Describe the workflow you want to enable

As noted in #27037, handling the index of an input container can be hairy. The solution implemented in #27044 works, but it excludes pandas.Series input types. I'd like to modify the logic in the :method:PandasAdapter.create_container so that it checks if the X_original is a pandas.DataFrame or pandas.Series. This would allow transformers that accept 1-dimensional inputs and output 2-dimensional dataframes to persist their indices.
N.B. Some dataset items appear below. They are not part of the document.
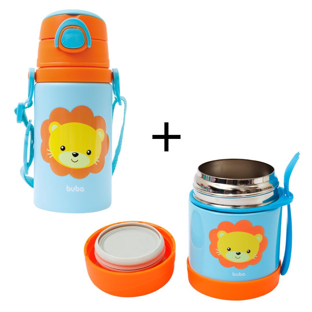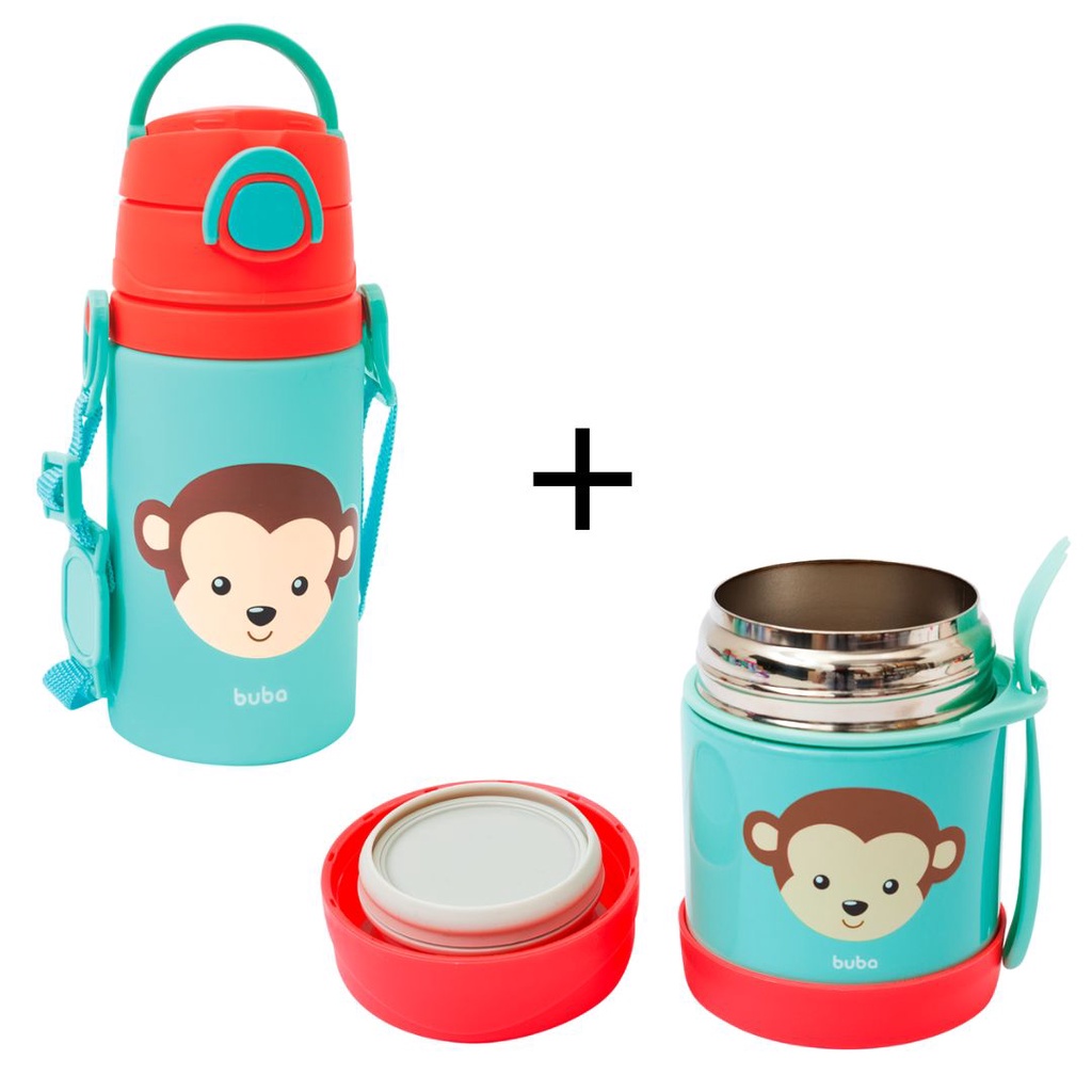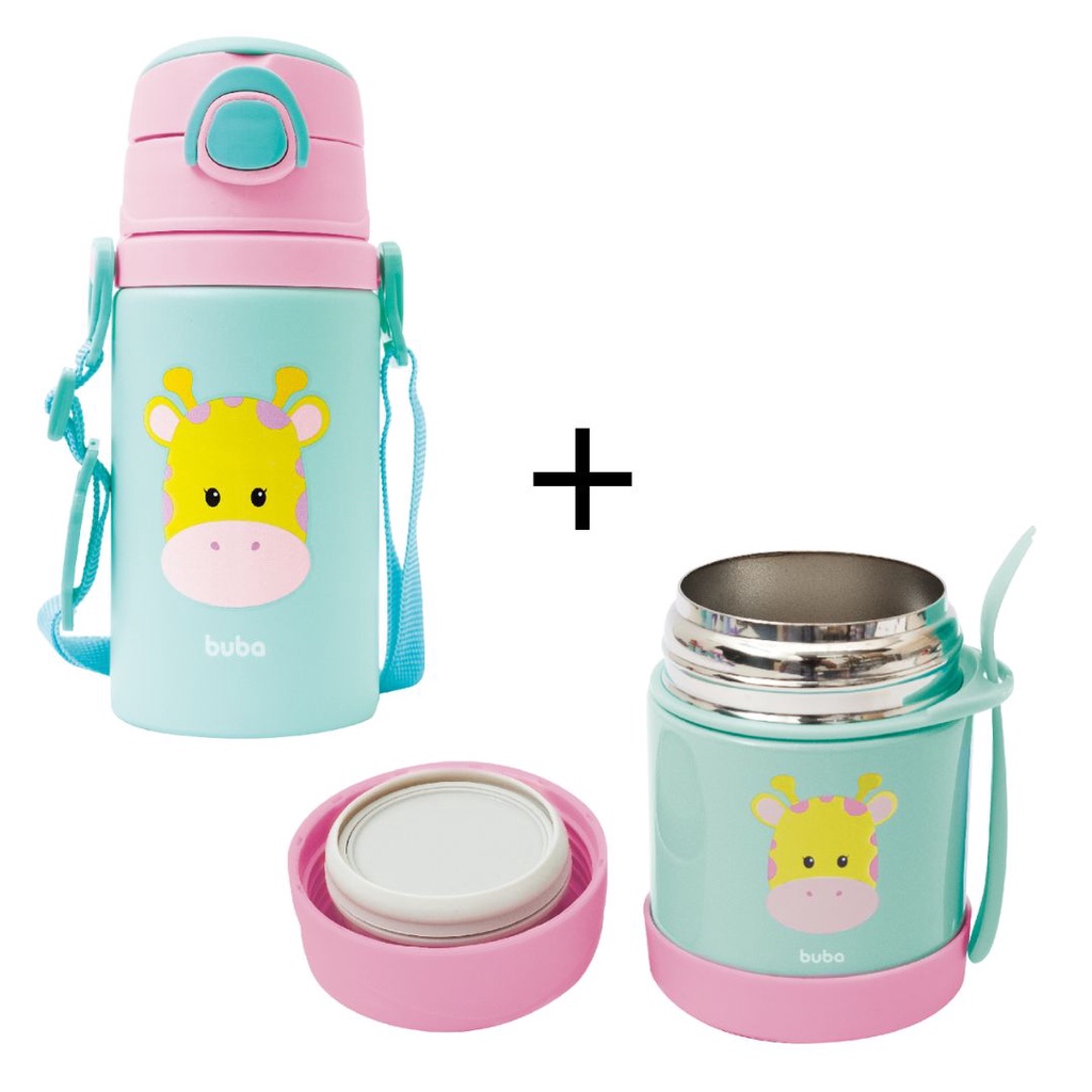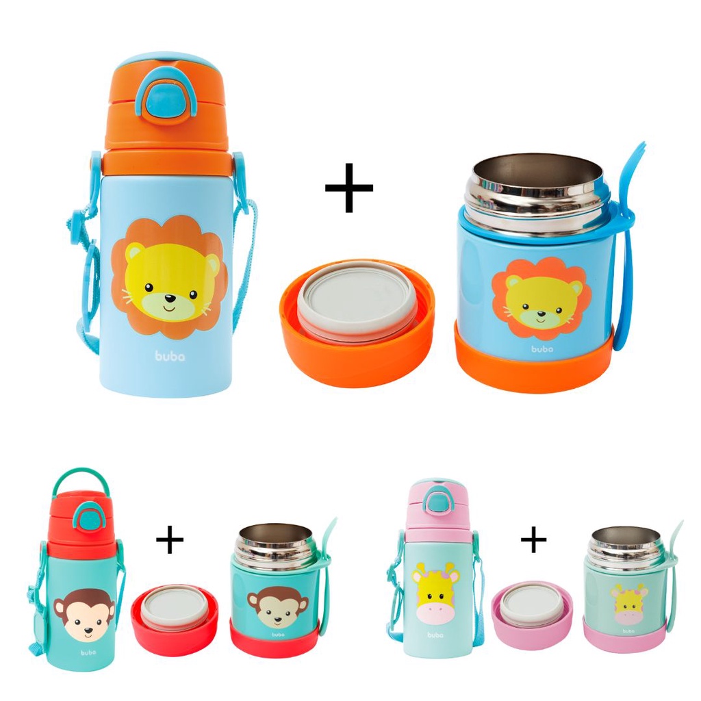 Kit Pote Térmico C/ Talher + Garrafinha C/ Canudo de Silicone Infantil Buba
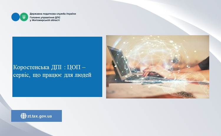 ЦОП працюють за принцом «єдиного вікна», що забезпечує швидке та якісне обслуговування. Працівники ЦОП Коростенської ДПІ завжди надають вичерпні консультації та допомагають коректно оформити документи.
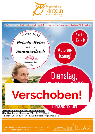 Mit ihrer Lesung "Barfuß auf dem Sommerdeich" im März 2018 hat Katja Just auch in Rinteln große Begeisterung für die Hallig Hooge geweckt. Ein Grund die sympathische Spiegel-Bestseller-Autorin erneut zu einer Lesung in die Stadtbücherei Rinteln einzuladen. Am Dienstag, 17.

Describe your proposed solution

I'd like to change line 124 from this:

            elif isinstance(X_original, pd.DataFrame):

To this:

            elif isinstance(X_original, (pd.DataFrame, pd.Series)):

Describe alternatives you've considered, if relevant

User sets the index on their own:

some_series = pd.Series(...)
trf = SomeTransformer().set_output(transform="pandas")
out_frame = trf.fit_transform(some_series).set_index(some_series.index)

Additional context

I recognize most transformers in scikit-learn expect 2-dimensional inputs. But some packages that depend on scikit-learn (like mlxtend) have transformers that transform 1-dimensional input into 2-dimensional output. I believe this would greatly benefit them. See the newly updated TransactionEncoder for an example.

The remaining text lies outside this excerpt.